A provider abstracts cloud-specific operations:

  • Provisioning new instances.
  • Terminating instances.
  • Listing available instance types.
  • Managing SSH keys and startup scripts.

Supported providers#

Provider Description
lambda Lambda Labs Cloud GPU instances.
gcp Google Cloud Platform.
aws Amazon Web Services.
fake Simulated instances for development and testing.

Provider configuration#

Providers are configured separately from pools:

providers:
  lambda:
    type: lambda
    api_key_env: LAMBDA_API_KEY

  gcp:
    type: gcp
    project: my-project
    credentials_file: /path/to/credentials.json

pools:
  training:
    provider: lambda  # References the provider above
    # ...

This lets you:

  • Use the same provider with different credentials.
  • Switch providers without changing pool configuration.
  • Test with the fake provider before using real clouds.
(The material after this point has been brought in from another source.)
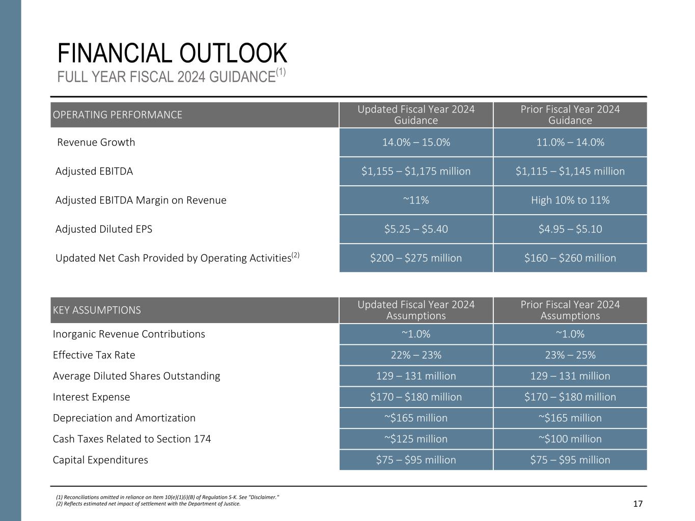17 FINANCIAL OUTLOOK FULL YEAR FISCAL 2024 GUIDANCE(1) OPERATING PERFORMANCE Updated Fiscal Year 2024 Guidance Prior Fiscal Year 2024 Guidance Revenue Growth 14.0% – 15.0% 11.0% – 14.0% Adjusted EBITDA $1,155 – $1,175 million $1,115 – $1,145 million Adjusted EBITDA Margin on Revenue ~11% High 10% to 11% Adjusted Diluted EPS $5.25 – $5.40 $4.95 – $5.10 Updated Net Cash Provided by Operating Activities(2) $200 – $275 million $160 – $260 million (1) Reconciliations omitted in reliance on Item 10(e)(1)(i)(B) of Regulation S-K. See "Disclaimer." (2) Reflects estimated net impact of settlement with the Department of Justice. KEY ASSUMPTIONS Updated Fiscal Year 2024 Assumptions Prior Fiscal Year 2024 Assumptions Inorganic Revenue Contributions ~1.0% ~1.0% Effective Tax Rate 22% – 23% 23% – 25% Average Diluted Shares Outstanding 129 – 131 million 129 – 131 million Interest Expense $170 – $180 million $170 – $180 million Depreciation and Amortization ~$165 million ~$165 million Cash Taxes Related to Section 174 ~$125 million ~$100 million Capital Expenditures $75 – $95 million $75 – $95 million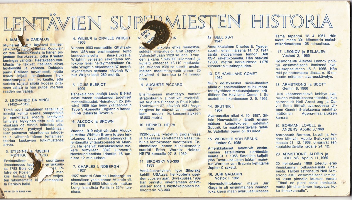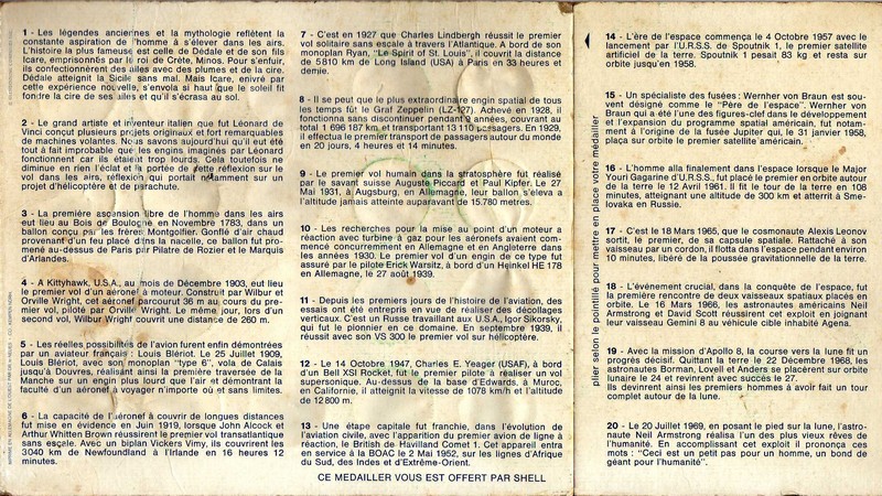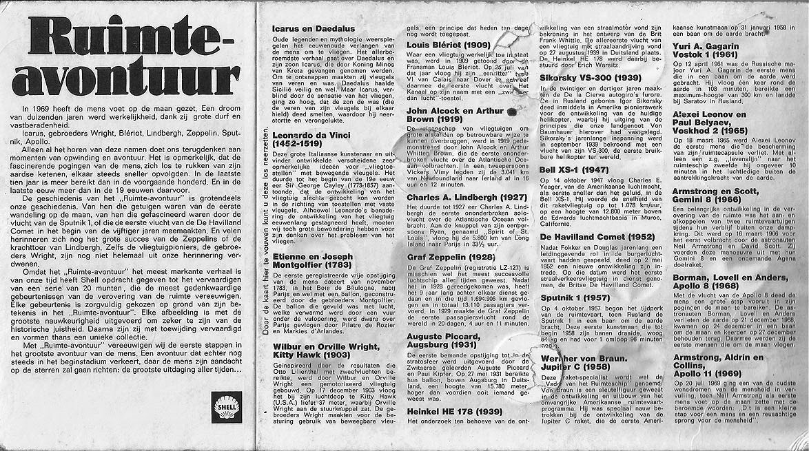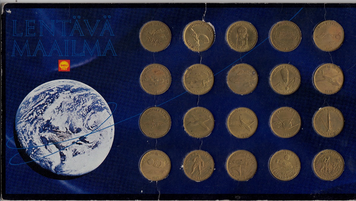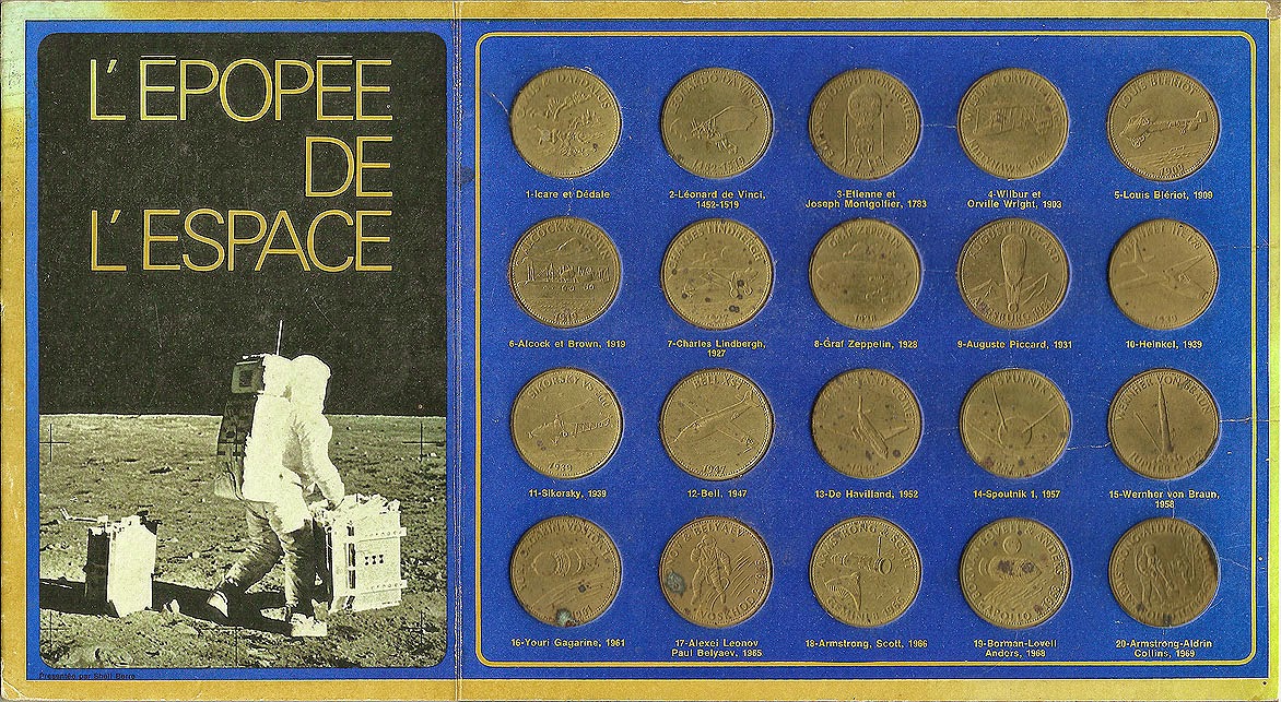 Several months after the successful Apollo 11 mission, Shell somehow belatedly jumped on the moon craze bandwagon and issued a series of coins commemorating milestones from the history of aviation and space travel. The motifs range from Icarus and Daedalus to Armstrong, Aldrin, and Collins. Gas station customers could obtain coins for every bigger purchase and collect them in designated cardboard holders.

See Configuration Reference for all provider options.

Labels#

Labels are key-value pairs attached to pools and nodes. Use them for:

  • Filtering nodes by workload type.
  • Routing jobs to appropriate pools.
  • Organizing resources by team or project.
pools:
  training:
    provider: lambda
    instance_type: gpu_8x_h100
    labels:
      workload: training
      team: ml-platform
      environment: production

Labels propagate to nodes when they're provisioned. Query nodes by label:

navarch list --label workload=training

See CLI Reference for all filtering options.

Multi-cloud setup#

Navarch can manage nodes across multiple providers simultaneously:

providers:
  lambda:
    type: lambda
    api_key_env: LAMBDA_API_KEY

  gcp:
    type: gcp
    project: my-project

pools:
  # Primary pool on Lambda
  training-primary:
    provider: lambda
    instance_type: gpu_8x_h100_sxm5
    region: us-west-1
    min_nodes: 4
    max_nodes: 20

  # Overflow pool on GCP
  training-overflow:
    provider: gcp
    instance_type: a3-highgpu-8g
    region: us-central1
    min_nodes: 0
    max_nodes: 10

This enables:

  • Failover: If Lambda is out of capacity, use GCP.
  • Cost optimization: Use the cheapest available provider.
  • Geographic distribution: Run nodes closer to users.